User login

Weekly Report - 19 January 2018




This week I looked into why the timing results that I collected vary by a large amount for sequential executions of the experiment. After analysing packet traces, I found that TCPDUMP wasn't showing all packets on the primary logger (logger on the primary path directly connected to failed link). When a link is taken down TCPDUMP will crash silently. I was getting packet information by piping TCPDUMPs output to a file. TCPDUMP uses a buffer when it outputs packet information. The buffer doesn't get fully processed when the app exits from a link going down. This was causing fewer packets to be displayed on the output and thus making the results vary by a large margin, depending on the state of the buffer and how many packets were captured. We can fix this problem by running TCPDUMP with the --immediate-mode flag, which disabled the output buffering.

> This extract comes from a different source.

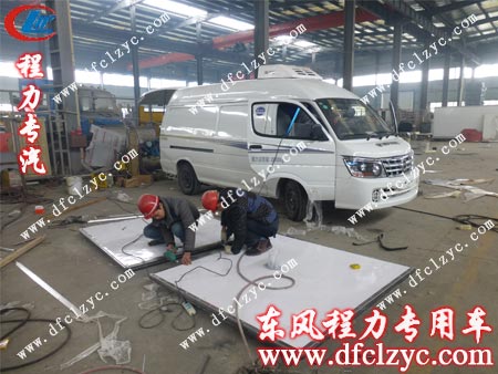 现成的金杯冷藏车底盘,进入生产车间,预计两天后厢体安装完成,下一步安装制冷机组、调试,办理出厂手续及发票,之后便是送车了。
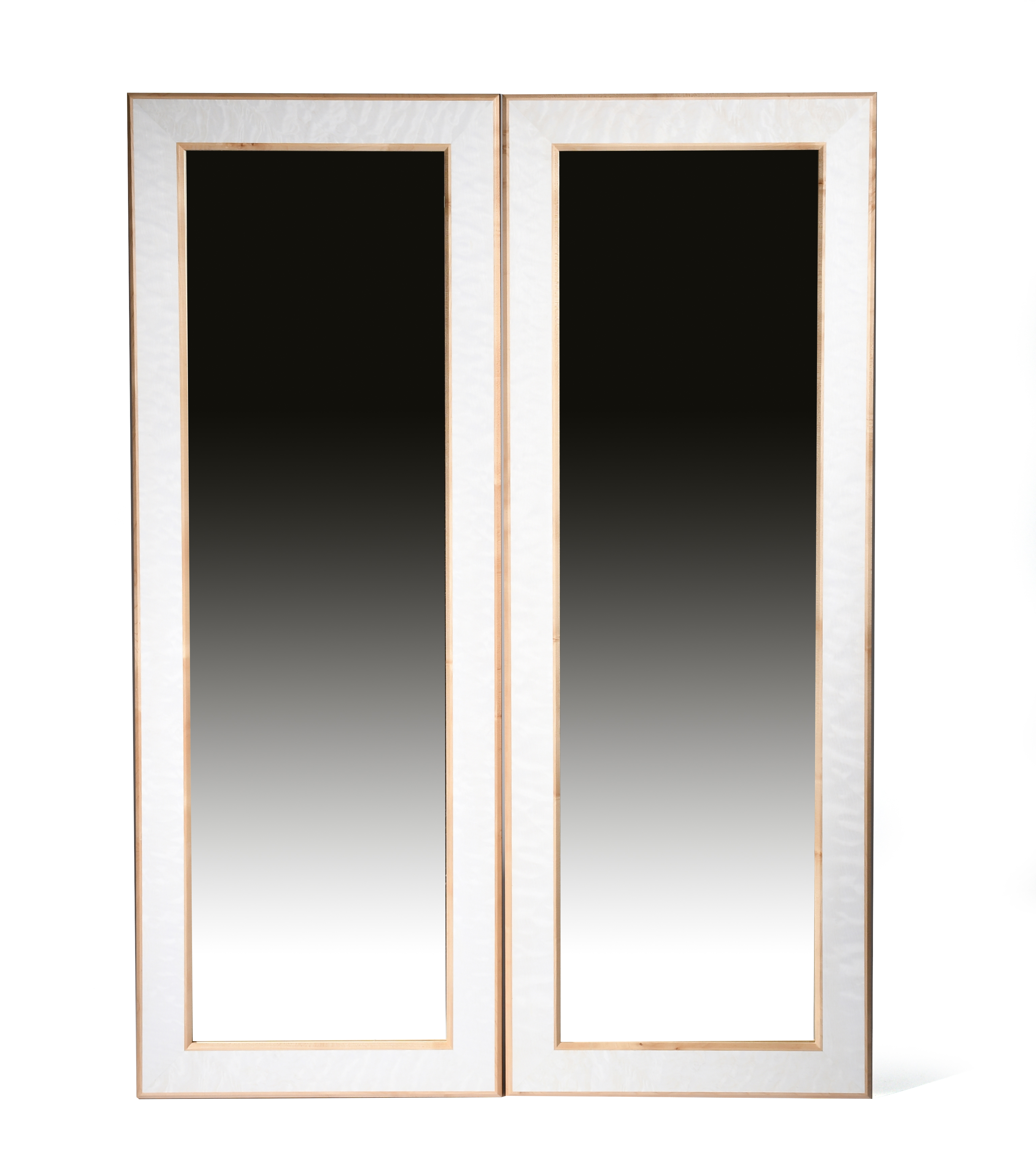 A pair of Linley maple and sycamore dressing mirrors, long, rectangular form,

Next, I looked at mitigating the effect of the location of the loggers in the network on recovery time. Because I was using packet timestamps, the location of the logger may affect the recovery time calculation based on the size of the recovery or detour path. I fixed this issue by re-implementing the loggers in libtrace and creating a recovery time calculation app with libtrace. This app will take two packet traces and use the pktgen timestamps to calculate the recovery time. I am also getting packets lost by looking at the pktgen sequence numbers between the traces on the two loggers (last packet on primary logger and first packet on secondary logger). Using the pktgen fields also allows us to place the two loggers on separate switches. Previously we had to have them on the same switch to account for clock differences in the virtual switches.

After these modifications, I have recollected the recovery time stats on my lab machine. I am currently in the process of finishing off the cleaning and re-graphing of these stats.